This is a continuation of the discussion on Azure Data Platform.
GitHub actions are highly versatile and composable workflows
that can be used to respond to events in the code pipeline. These events can be
a single commit or a pull-request that needs to be build and tested or the deployment
of a code change that has been pushed to production. While automations for
continuous integration and continuous deployment are well-established practices
in DevOps, GitHub Actions goes beyond DevOps by recognizing events that can
include the creation of a ticket or an issue. The components of a GitHub
actions are the workflow triggered for an event and the jobs that the workflow
comprises of. Each job will run inside its own virtual machine runner, or
inside a container and has one or more steps that either run a script or an
action that can be reused.
A workflow is authored in the .github/workflows/ directory
and specified as a Yaml file. It has a sample format like so:
name: initial-workflow-0001
run-name: Trying out GitHub
Actions
on: [push]
jobs:
check-variables:
runs-on: ubuntu-latest
environment: nonProd
steps:
- name: Initialize
uses: actions/setup-node@v3
with:
node-version: '16'
- name: Display Variables
env:
variable: 0001
if: github.ref == ‘refs/heads/main’
&& github.event_name == ‘push’
run: |
echo 000-“$variable”
echo 001-“${{ env.variable }}”
And whenever there is a commit added to the repository in
which the workflows directory was created, the above workflow will be
triggered. It can be viewed with the Actions tab in the repository where the
named job can be selected, and it steps expanded for the activities performed.
With this introduction, let us check out a scenario for
using it with the Azure Data Platform. Specifically, this scenario calls for promoting
the Azure Data Factory to higher environments with the following steps:
1.
Development data factory that is created and
configured with GitHub.
2.
Feature/working branch is used for making
changes to pipelines, etc.
3.
When changes are ready to be reviewed, a pull
request is created from the feature/working branch to the main collaboration
branch.
4.
Once the pull request is approved and changes
merged with the main collaboration branch, the changes are published to the
development factory.
5.
When the changes are published, data factory
saves its ARM templates on the main publish branch (adf_publish by default). A
file called ARMTemplateForFactory.json contains parameter names used for
resources like key vault, storage, linked services, etc. These names are used
in GitHub Actions workflow file to pass resource names for different
environments.
6.
Once the GitHub Actions workflow file has been
updated to reflect the parameter values for upper environment and changes
pushed back to GitHub branch, the GitHub Actions workflow is started manually
and changes pushed to the upper environment.

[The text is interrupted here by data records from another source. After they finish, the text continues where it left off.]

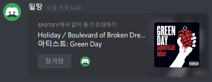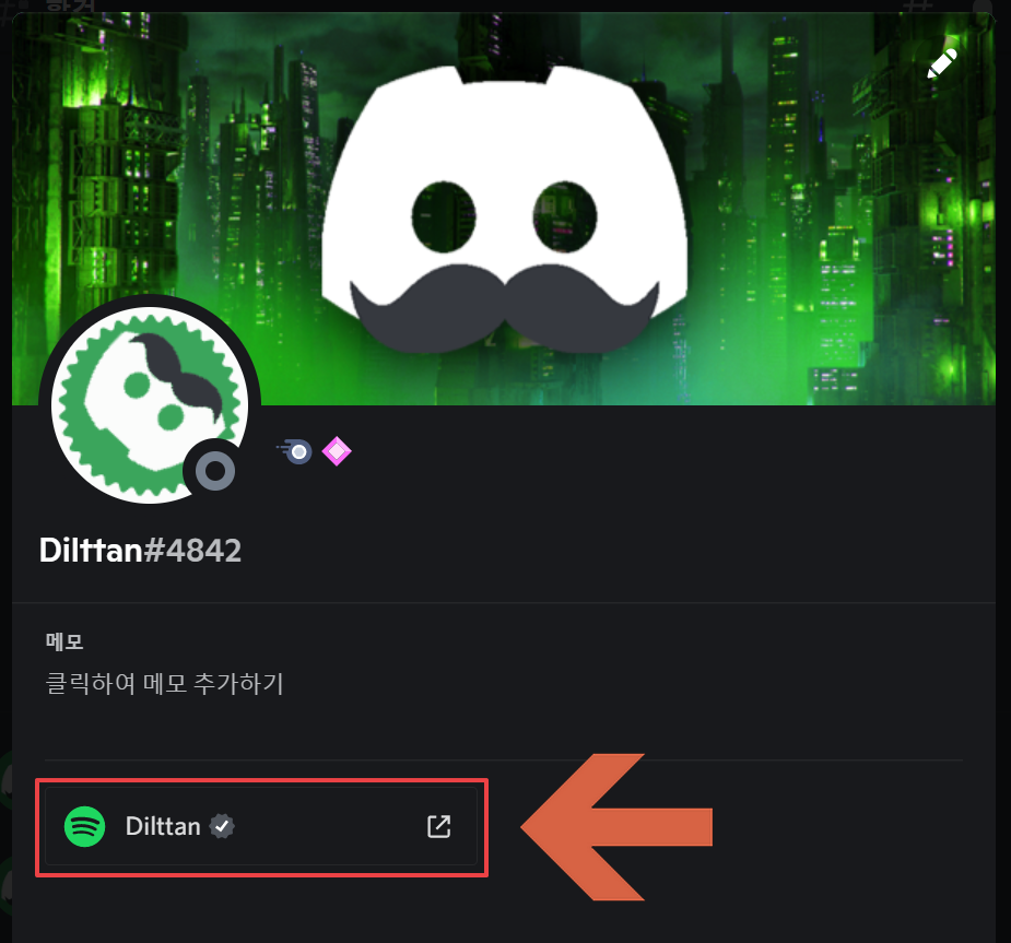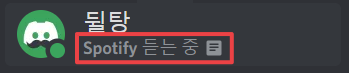 이 기능을 체크하시면 이제 사용자 상태에 Spotify 듣는 중이라 뜨게 됩니다. 사용자 상태는 내 친구들이나 같은 서버원들이 볼 수 있지요.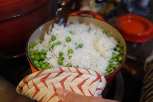 「包丁を持つのが苦手」という、普段は料理をされない駐在員男子のために、グリーンピーの殻を剥くというミッションを。オーガニックの豆は、毎度風味も濃厚で、バスマティ・ライスとの相性もよい。鍋で日本米を炊くのと同じように、炊く。鍋の大きさに対してご飯が多すぎて、混ぜにくいの図。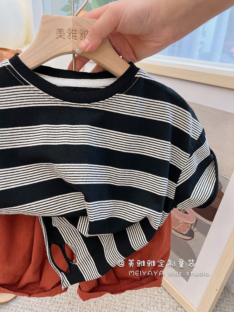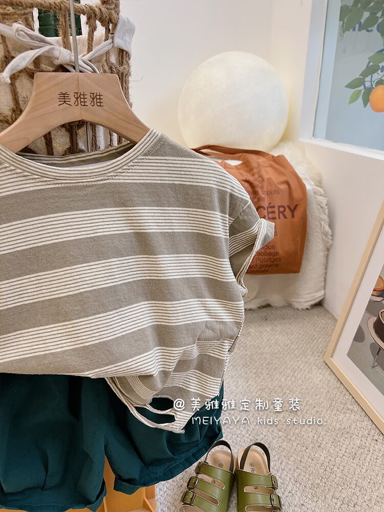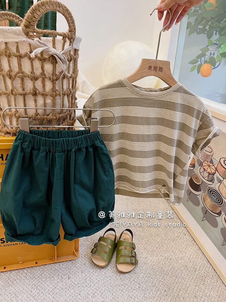 セット サマーストライプショーツ プルオーバー 薄手 夏物 ブルマー 4/12 春夏 SS 子供服 韓国風 mi0658708865142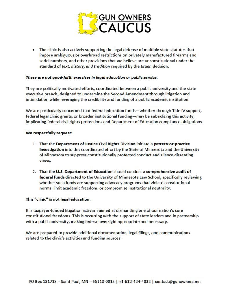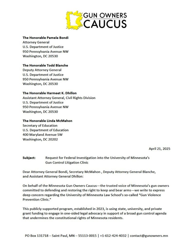 MN Gun Owners Caucus Asks DOJ & DOE to Investigate U of Minnesota Law School Over Its ‘Gun Violence Prevention Clinic’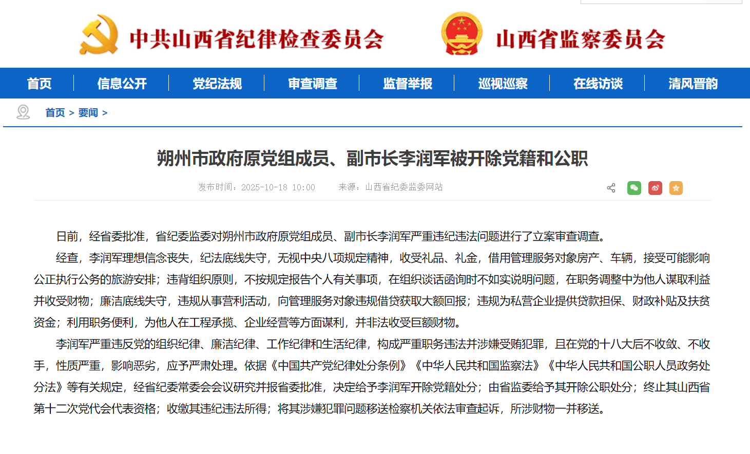 日前,经省委批准,省纪委监委对朔州市政府原党组成员、副市长李润军严重违纪违法问题进行了立案审查调查。

Some observations to make are as follows:
GitHub is configured on development data factory only.
Integration Runtime names and types need to stay the same
across all environments.
Self-hosted Integration Runtime must be online in upper
environments before deployment or else it will fail.
Key Vault secret names are kept the same across
environments, only the vault name is parameterized.
Resource naming needs to avoid spaces.
Secrets stored in GitHub Secrets section.
There are two environments – dev and prod in this scenario.
Dev branch is used as collaboration branch.
Feature1 branch is used as a working branch.
Main branch is used as publish branch.